Issue by afader
Wed Mar 18 16:42:32 2015
Originally opened as https://github.com/allenai/okcorpus/issues/40
Right now, we are using Brown clusters for a notion of word similarity in OKC. The benefit of this is that the clusters are discrete and prefix-based, so we can easily add them as token annotations in BlackLab. The disadvantages are:
- It only works on single words (no multiword phrases)
- It's very, very slow
- It may not be the best way to compute similarity
I was playing around with word2vec, and the results on the ACL corpus are great. For example, here are the phrases most similar to information_extraction
:
Word Cosine distance
------------------------------------------------------------------------
text_mining 0.826766
question_answering 0.796270
knowledge_extraction 0.772408
ontology_learning 0.764749
automatic_summarization 0.752856
automatic_text_summarization 0.748179
ie 0.742152
entity_extraction 0.737166
knowledge_discovery 0.737004
fact_extraction 0.735164
image_retrieval 0.731172
information_retrieval 0.725849
biomedical_information_extraction 0.723953
information_fusion 0.721746
applications_such_as_information_extraction 0.721209
literature_mining 0.716144
relation_extraction 0.713560
text_summarization 0.710251
named_entity_recognition 0.708391
record_linkage 0.705008
text_understanding 0.704244
such_as_information_retrieval 0.698317
such_as_information_extraction 0.698231
ontology_population 0.697375
information_extraction_systems 0.694957
many_natural_language_processing_tasks 0.686736
opinion_mining 0.684321
open_domain 0.683641
entity_recognition 0.682989
cross_-_language_retrieval 0.681546
question_answering_systems 0.681245
document_classification 0.680587
computer_vision 0.679659
named_entity_extraction 0.679576
textual_entailment_recognition 0.677568
named_-_entity_recognition 0.675705
natural_language_processing 0.675098
data_mining 0.674606
applications_such_as_question_answering 0.674527
opinion_extraction 0.673862
Here are the most similar phrases to outperforms
:
Word Cosine distance
------------------------------------------------------------------------
performs_better_than 0.914765
significantly_outperforms 0.894385
outperformed 0.879147
improves_over 0.859142
performs_much_better_than 0.842823
performs_worse_than 0.832298
consistently_outperforms 0.831501
outperforms_both 0.828320
clearly_outperforms 0.821622
performs_significantly_better_than 0.817346
is_superior_to 0.816786
beats 0.806530
performed_better_than 0.805698
performs_slightly_better_than 0.804796
outperforming 0.800169
performs_as_well_as 0.792212
still_outperforms 0.788039
outperforms_all 0.785506
does_better_than 0.784221
also_outperforms 0.782234
achieves_better_performance_than 0.774746
surpasses 0.770587
significantly_outperformed 0.770434
works_better_than 0.765581
can_outperform 0.762990
model_outperforms 0.762042
slightly_outperforms 0.759185
does_not_outperform 0.758555
our_model_outperforms 0.757645
substantially_outperforms 0.752425
underperforms 0.751935
method_outperforms 0.749556
always_outperforms 0.740629
performs_best 0.736030
performs_comparably_to 0.735505
performed_worse_than 0.734069
approach_outperforms 0.733126
is_consistently_better_than 0.729947
models_outperform 0.723421
even_outperforms 0.722097
So, word2vec is:
- Many orders of magnitude faster than Brown clustering
- Works on multiword phrases
- Looks really good
I think that using this information could have a big impact on usability, since you can stop having to think in terms of single words, but still get a good notion of similarity.

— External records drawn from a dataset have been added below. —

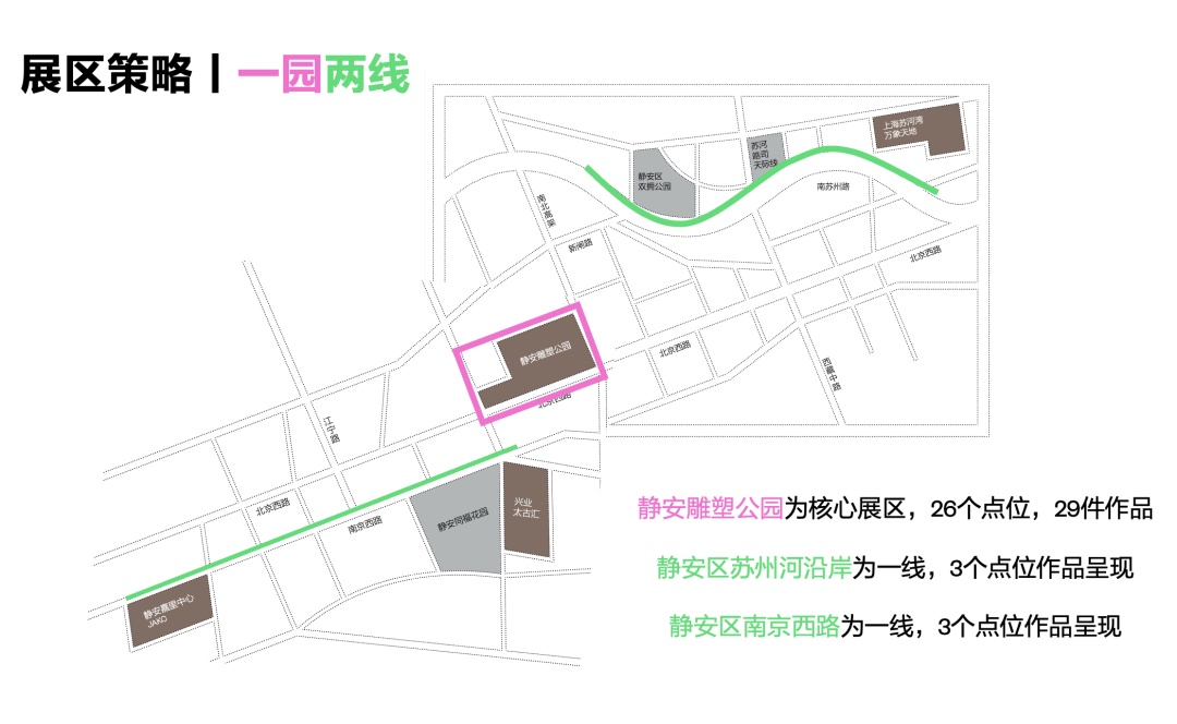 静安国际雕塑展首次尝试与网易云音乐合作,根据“一园两线”的展览布局为观众精选了一些看展专属歌曲,整理成了音乐地图歌单。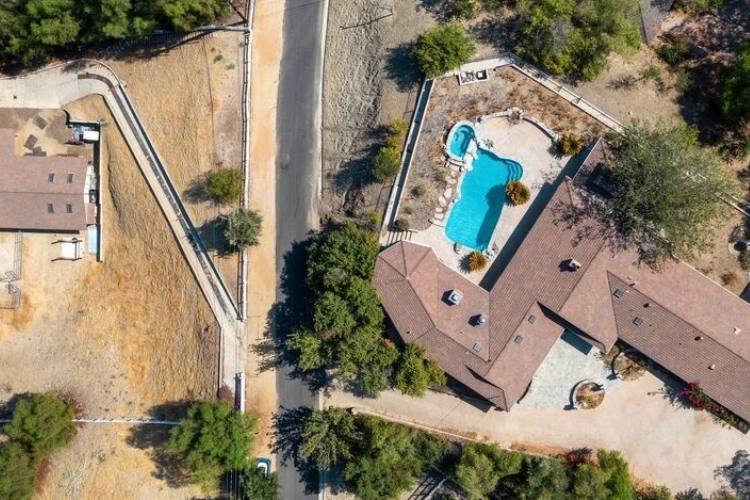 Имотот се наоѓа на површина од приближно 1,5 акри и е љубопитно поделен со улица која е отворена за јавноста, или барем за членовите на јавноста примени во Хајден Хилс, затворена заедница на богати. Со поглед на државното паркче во кое некогаш се наоѓаше ранчот Ахмансон, плацот вклучува главна резиденција со четири спални соби и четири бањи на речиси 400 квадратни метри простор за живеење на едно ниво.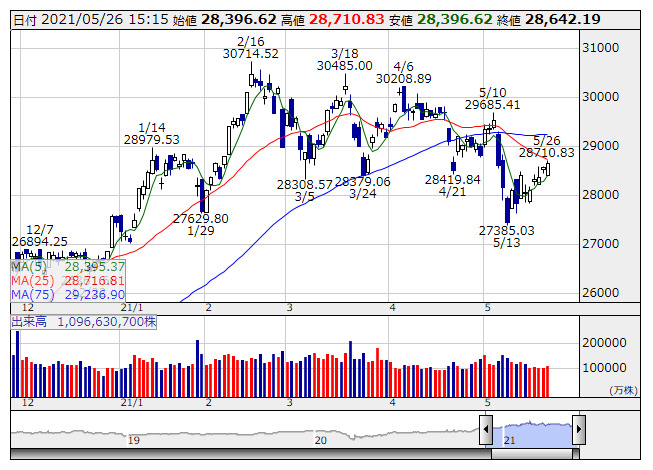 あすのスケジュールでは、国内では目立ったイベントはないが40年物国債の入札が行われる。海外では1~3月期の米GDP改定値が注目されるほか、4月の米耐久財受注額、4月の米仮契約住宅販売指数なども発表される。また、アジアでは1~4月の中国工業企業利益、韓国中銀の金融政策決定会合が予定されている。(銀)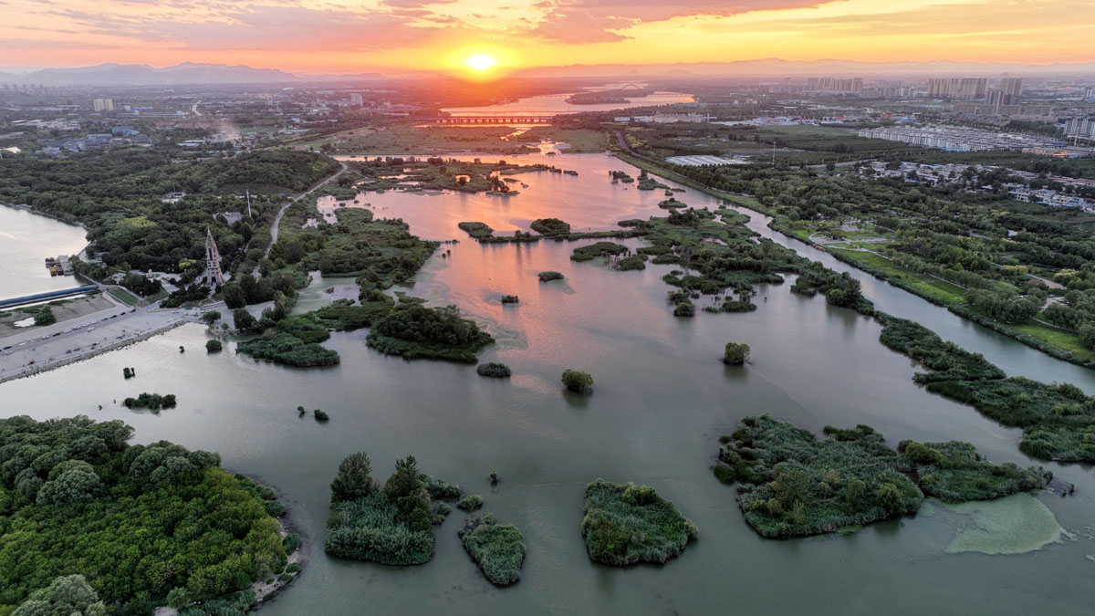 夕阳下的滹沱河石家庄段(2023年7月15日摄,无人机照片)。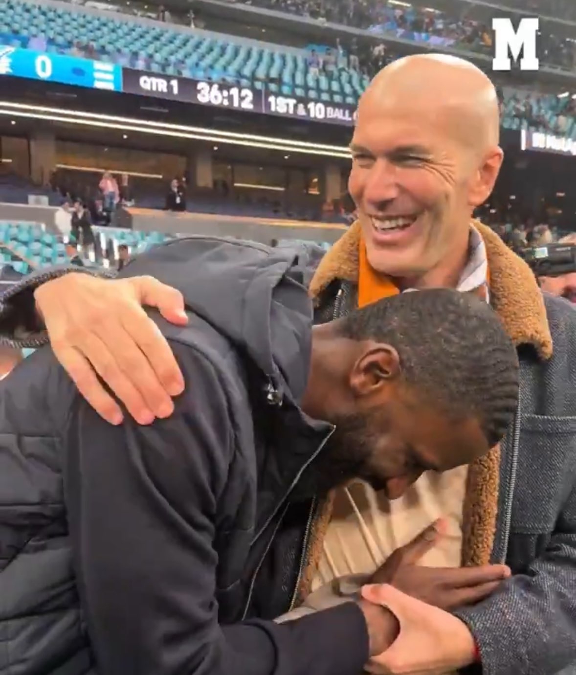 دوربینهای دازن هر دو را در حال دست دادن و در آغوش گرفتن یکدیگر ثبت کردند که تشویق هواداران حاضر در سکوهای ورزشگاه را به همراه داشت. مدافع آلمانی، که در مراحل پایانی بهبودی از مصدومیت سپتامبر گذشته خود قرار دارد، به نظر میرسید به زیدان مورد تحسینش میگفت که حالش بهتر است و برای بازگشت در بازی بعدی لیگ، که رئال مادرید به مصاف الچه میرود، آماده خواهد بود.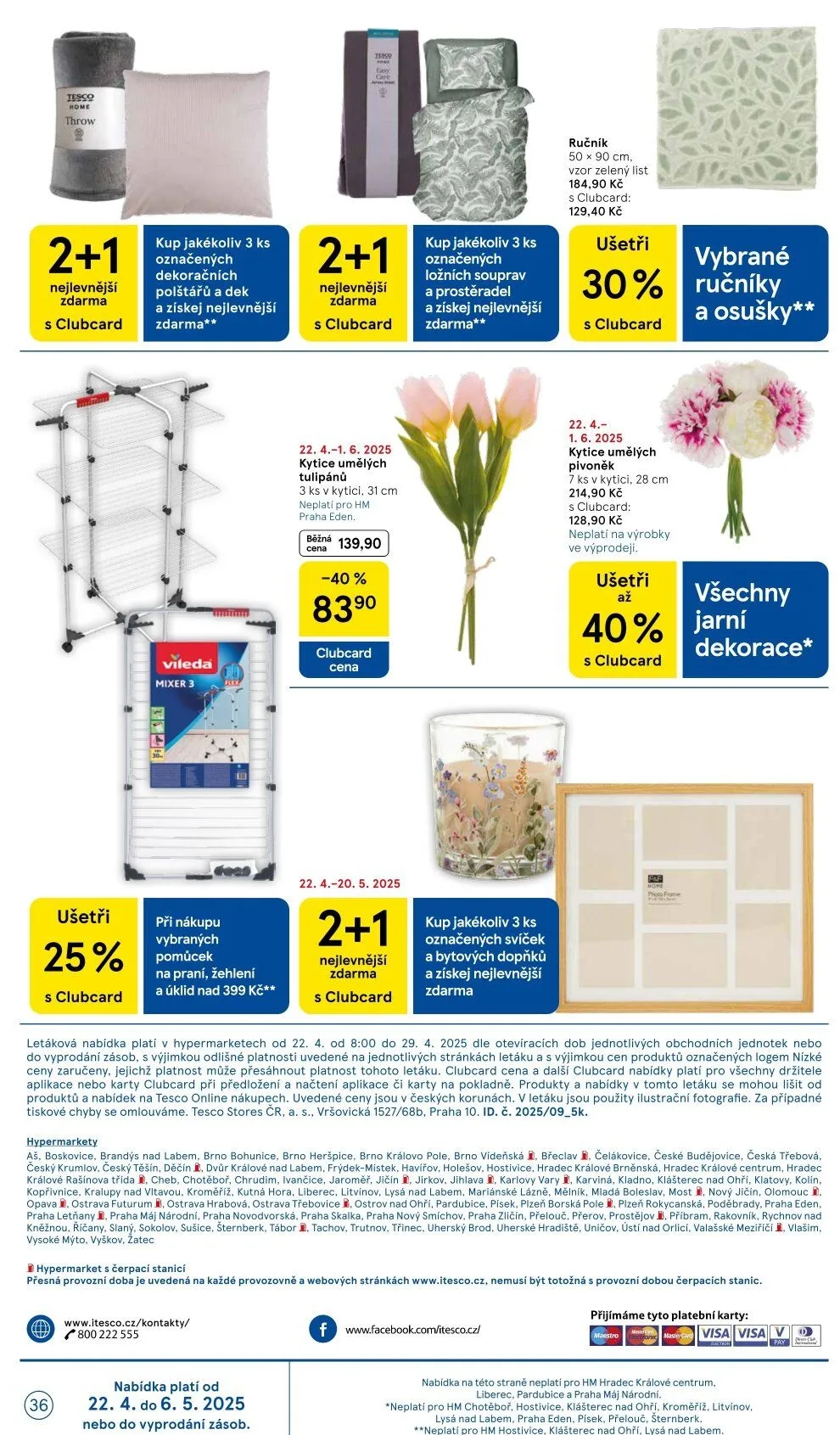 Nezapomeňte na další akce, jako je ušetření při nákupu vybraných ručníků a osušek. Všechny jarní dekorace jsou nyní v akci, takže si můžete zkrášlit svůj domov za skvělé ceny. Nabídka platí do vyprodání zásob, tak neváhejte a navštivte nás!

The downside is that multiword phrases cannot be indexed like Brown clusters.
To add word2vec similarity into OKC, we can do the following:
- Add a new web API
similarPhrases(phrase: Seq[String], threshold: Double): Seq[Seq[String]]
that returns the phrases that have similarity within the given threshold
- Have the slider in the UI control the threshold
- The phrases returned by
similarPhrases
are combined into a disjunction, which can then be queried against the index
@dirkgr and @chrisc36 any thoughts/opinions on this?